Будучи человеком деятельным Катон не терял времени даром. На следующий день после приезда он уже обсуждал с серьезными людьми возможные приложения своих талантов. Некоторых из них он знал еще по Риму.

- Работорговля! – Сказал ему один из них. – Это лучший способ вложения денег, если, конечно, они у тебя есть. Раз в две недели с юга привозят партию рабов. Часть из них мы скупаем по дешевке, сажаем на корабль, и отправляем на остров Делос, где продаем по более высокой цене.

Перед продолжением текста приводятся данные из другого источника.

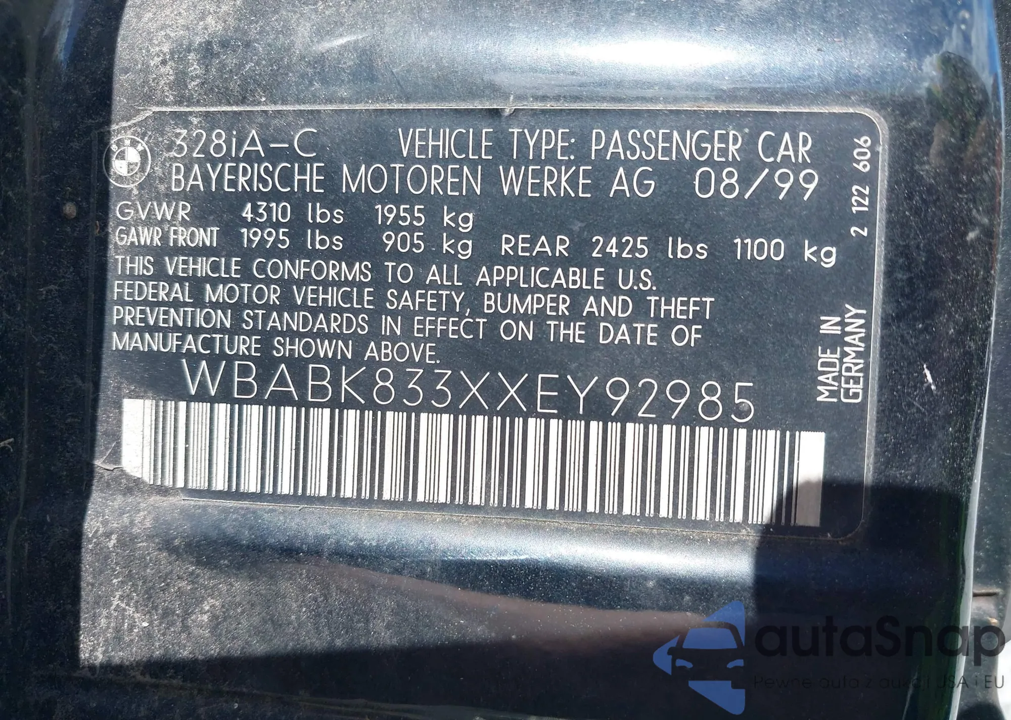 LOT: 42969010 VIN: WBANE53527CY06598
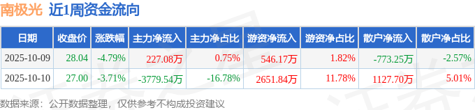 资金流向数据方面,本周南极光主力资金合计净流出3552.47万元,游资资金合计净流入3198.02万元,散户资金合计净流入354.45万元。本周资金流向一览见下表:
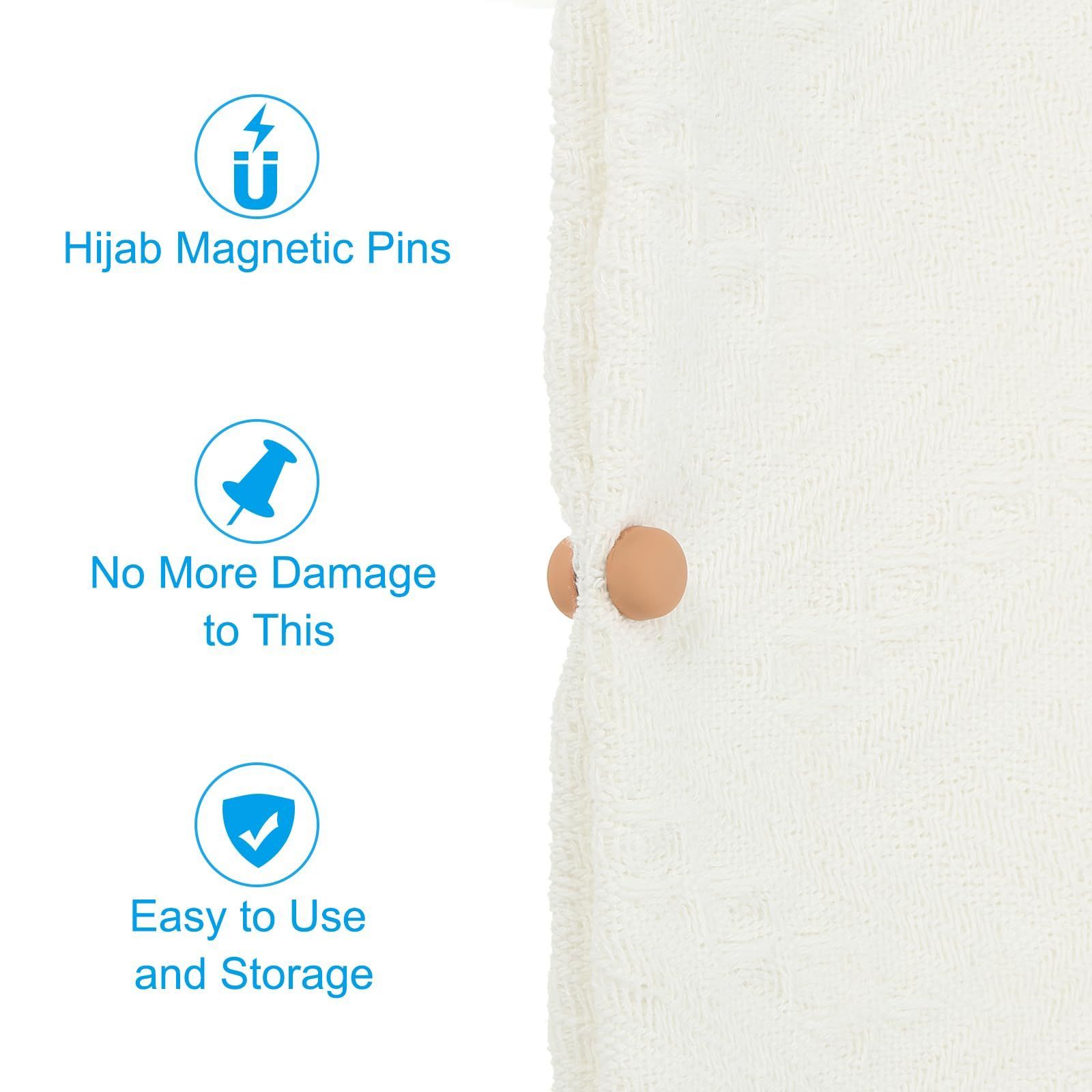 ヒジャブ安全ピンの代替品で、床に落ちたり首を傷つけたりする尖ったピンはもうありません。他の尖ったピンのようにスカーフにダメージを与えることもありません。製品には収納バッグが付属しているため、簡単な収納やギフト用に別途購入する必要はありません。
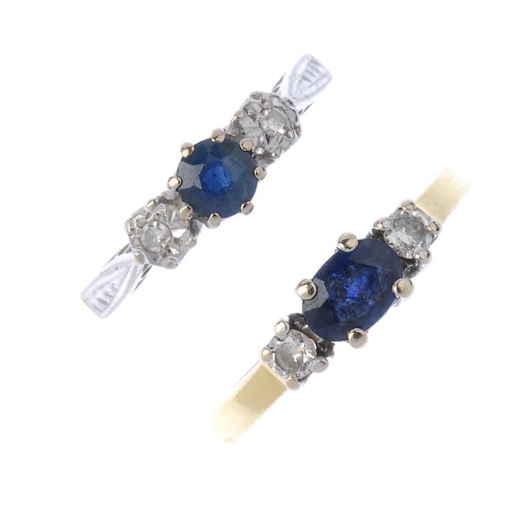 An 18ct gold sapphire and diamond three stone ring and a 9ct gold sapphire and diamond cluster ring,Sworders Fine Art Auctioneers4.4(38)£603 days Left
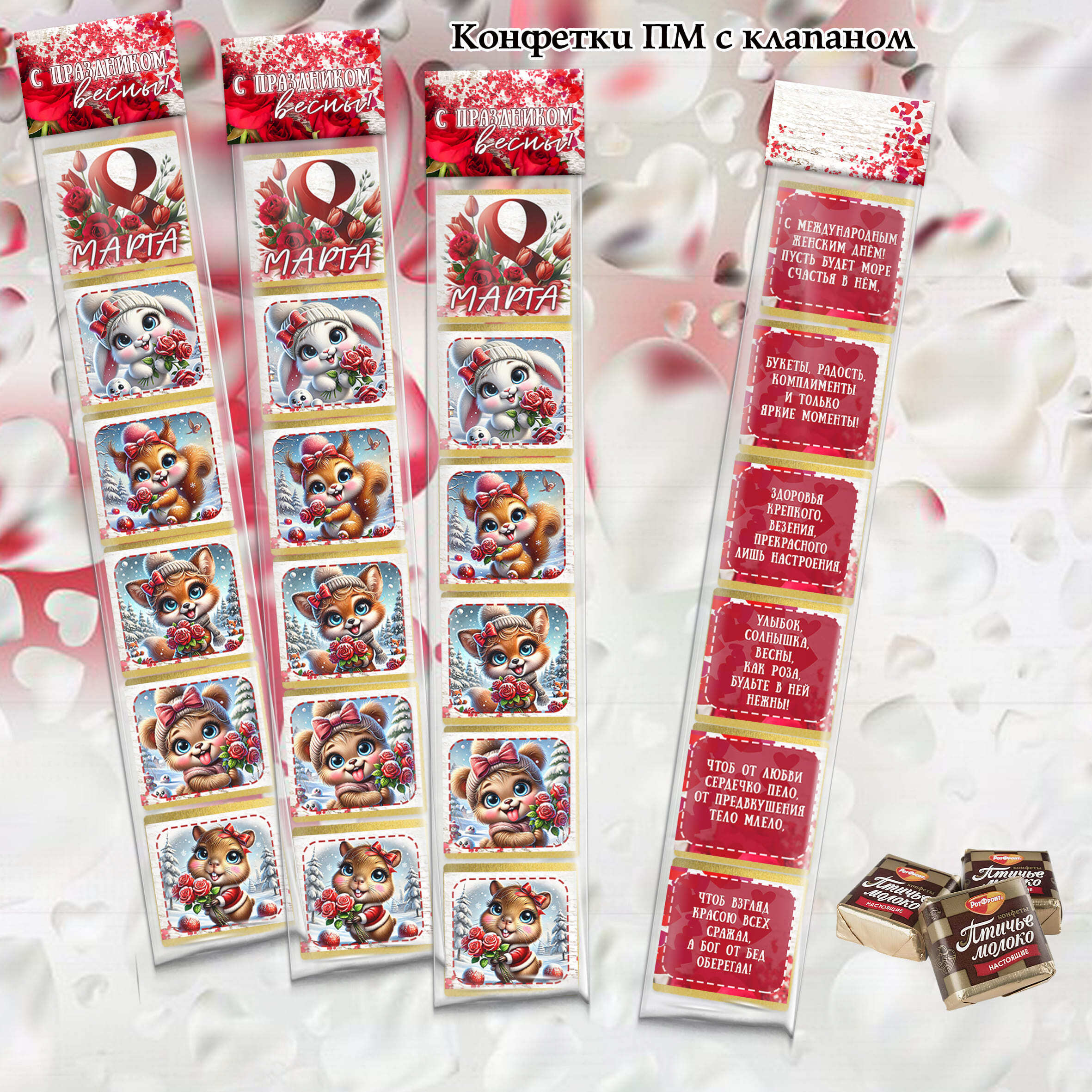 Мини-набор конфет к 8 марта – это идеальный подарок для ваших близких и родных. В каждом комплекте содержится 6 изысканных конфет, что позволяет подарить не только сладость, но и внимание. Набор включает четыре уникальных упаковки, каждая из которых наполнена мягкой текстурой и непревзойденным вкусом птичьего молока.

Послезавтра должны прибыть рабы из Мемфиса. Можешь вложить деньги в свою часть товара.

Катон согласился, и уже через два дня хозяйским оком осматривал несколько десятков несчастных, чья участь была предрешена.

В основном, это были негры из центральной Африки. Некоторые из женщин держали на руках младенцев. Были и дети постарше: от трех до пяти лет.

- А это еще что? – Недовольно спросил Катон. – Щенки мне ни к чему. Передохнут в пути, да и корм лишний.

- Ты не прав, Детей можно продать и здесь, причем, довольно выгодно. – Посоветовал один из работорговцев. – Вон там стоит человек из Нумидии. Обратись к нему. Он скупает детей для каких-то своих целей. Часть из них он калечит, лишая глаз, рук, заостряет им черепа специальным приспособлением, или делает их горбатыми карликами, а потом продает на «рынке чудес» для развлечения состоятельных людей.

- И то дело. – Согласился Катон.

Коротко переговорив с нумидийцем, он приказал отнять детей у их родителей.

Дикая по своей жестокости сцена не произвела на окружающих никакого впечатления.

Цинично-утилитарное отношение к рабскому труду пронизывало все общественное сознание того времени. И немного нашлось бы сердец, которые дрогнули при виде того, как у матери отбирают самое дорогое: ее дитя.

Здесь стоит привести высказывание известного римского государственного деятеля Катона Старшего: «Раба следует держать до тех пор, пока он может работать. Когда же он заболеет или состарится, от него следует скорее избавиться наряду с другими ненужными в хозяйстве вещами: порченым скотом, железным ломом, старыми телегами».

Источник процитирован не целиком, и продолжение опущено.